The Rolling Stones were on tour in Florida today in 1965 and Mick Jagger and Keith Richards were holed up in their hotel working on what would be their biggest hit, Satisfaction. Keith had been listening to a lot of soul music, and intended the guitar riff he came up with to be played by a horn section on the final recording, but he’d been playing with the only effect pedal he ever used, a brand-new Gibson Maestro Fuzz Box, and they stuck with it. Mick later said, “”it was the song that really made the Rolling Stones, changed us from just another band into a huge, monster band… It has a very catchy title. It has a very catchy guitar riff. It has a great guitar sound, which was original at that time. And it captures a spirit of the times, which is very important in those kinds of songs… Which was alienation.”

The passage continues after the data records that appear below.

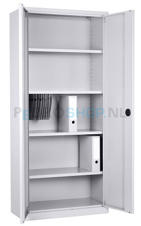 Documentatie, ordners of gereedschap kan veilig in de draaideurkast PDC-180 worden opgeborgen. De kast is namelijk afsluitbaar middels een cilinderslot. Bijgeleverd worden 2 sleutels. Het cilinderslot is verwerkt in een verzonken draaigreep. Kast wordt afgesloten middels een 2-puntssluiting.
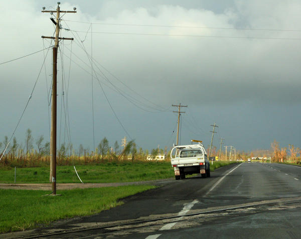 tropical cyclone, cyclone yasi, storm damage, lines, electric, power cut, broken, electric supply, powerless, without power, powerline, electricity, snapped, broken, lines down
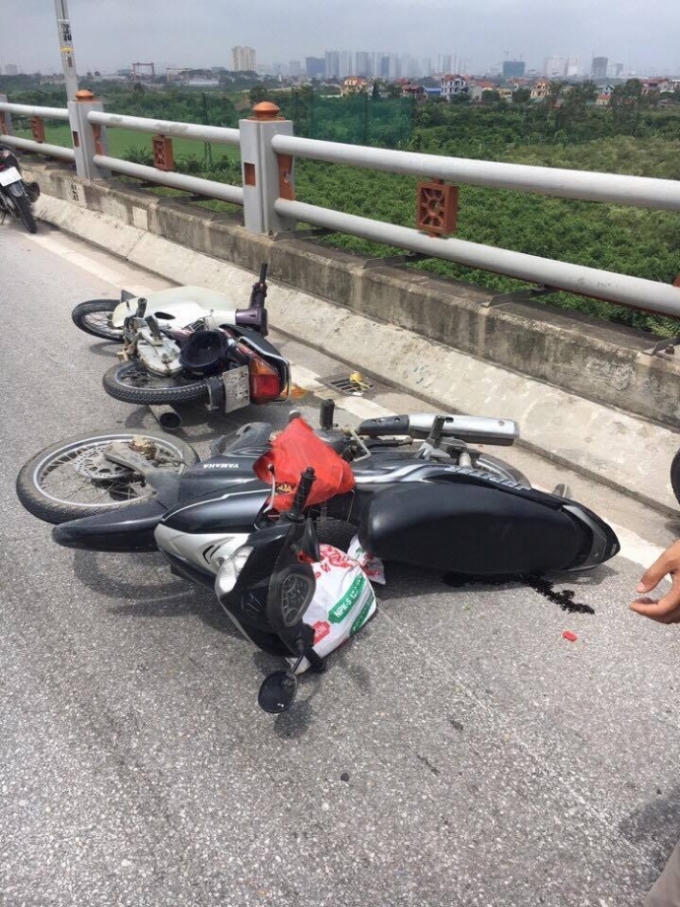 Hậu quả khiến 2 nạn nhân ngã xuống đường, mất nhiều máu, cả 2 phương tiện đều hư hỏng.
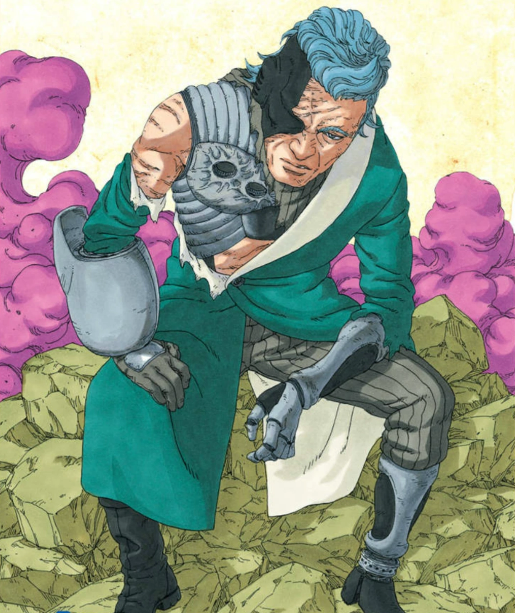 Mentre il Team 7 e Katasuke prendono il Fulmitreno per la loro missione, incontrano Ao. Katasuke presenta Ao come uno dei suoi pazienti. Quando Boruto condivide il suo disprezzo per gli strumenti scientifici dei ninja, Sarada nota che i giochi e le tecnologie attuali sono dovuti alle innovazioni scientifiche. Mentre Katasuke esegue la manutenzione del braccio di Ao, Boruto apprende che Ao era un ex shinobi del Villaggio della Nebbia e che è vivo grazie alle innovazioni degli strumenti scientifici ninja.
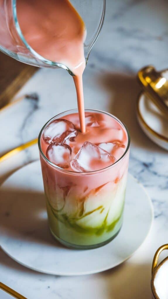 guava coconut milk tea being poured over ice in a tall glass, with creamy pink and green layers blending

Meanwhile back in England, singer Marianne Faithfull married her second husband, artist John Dunbar today in 1965. She didn’t quite live up to her surname: Less than 6 months later she would be living with Mick Jagger. He and Keith Richards wrote her first hit As Tears Go By (which the Stones also did), and she co-wrote Sister Morphine from the Sticky Fingers album with Mick.

The Beatles were at Abbey Road today in 1966, working on John Lennon’s I’m Only Sleeping, which sported George Harrison trying a new studio trick on his guitar lead. George Martin would turn the tape upside-down on the recorder, and Harrison would play along to the song as it ran backwards. When the tape was put back the right way it sounded quite psychedelic indeed.

In an interview in Melody Maker magazine today in 1967, The Who’s Keith Moon offered some advice to aspiring drummers: “To make your playing more forceful, hit the drums harder”.

Paul Simon was just starting his first tour without his longtime partner Art Garfunkle tonight in 1973 in Boston. Most of the shows on the American and European tour were recorded, and the best made it onto the album Live Rhymin’.

The Rob Reiner directed “mockumentary” This Is Spinal Tap had premiered just 4 days earlier, when the “band”, actors Christopher Guest (as lead guitarist Nigel Tufnel), Michael McKean (as lead singer and rhythm guitarist David St. Hubbins, of late rekindling fame as Bob Odenkirk’s lawyer big brother in Better Call Saul), and Harry Shearer (bass player Derek Smalls), played New York’s CBGB nightclub tonight in 1984. They would play a number of shows that summer, including Seattle’s Bumbershoot. The giant horned paper maché skull that hung behind them in the movie and at that sh0w ended up in a back room at Seattle Center for several years until it was found by members of Soundgarden, who enlisted Pearl Jam’s bass player Jeff Ament to construct a new horn, and they used it at their Bumbershoot performance. They later gave it to Alice in Chains, who planned to use it as well, but it ended up rotting in the rain outside their West Seattle rehearsal space.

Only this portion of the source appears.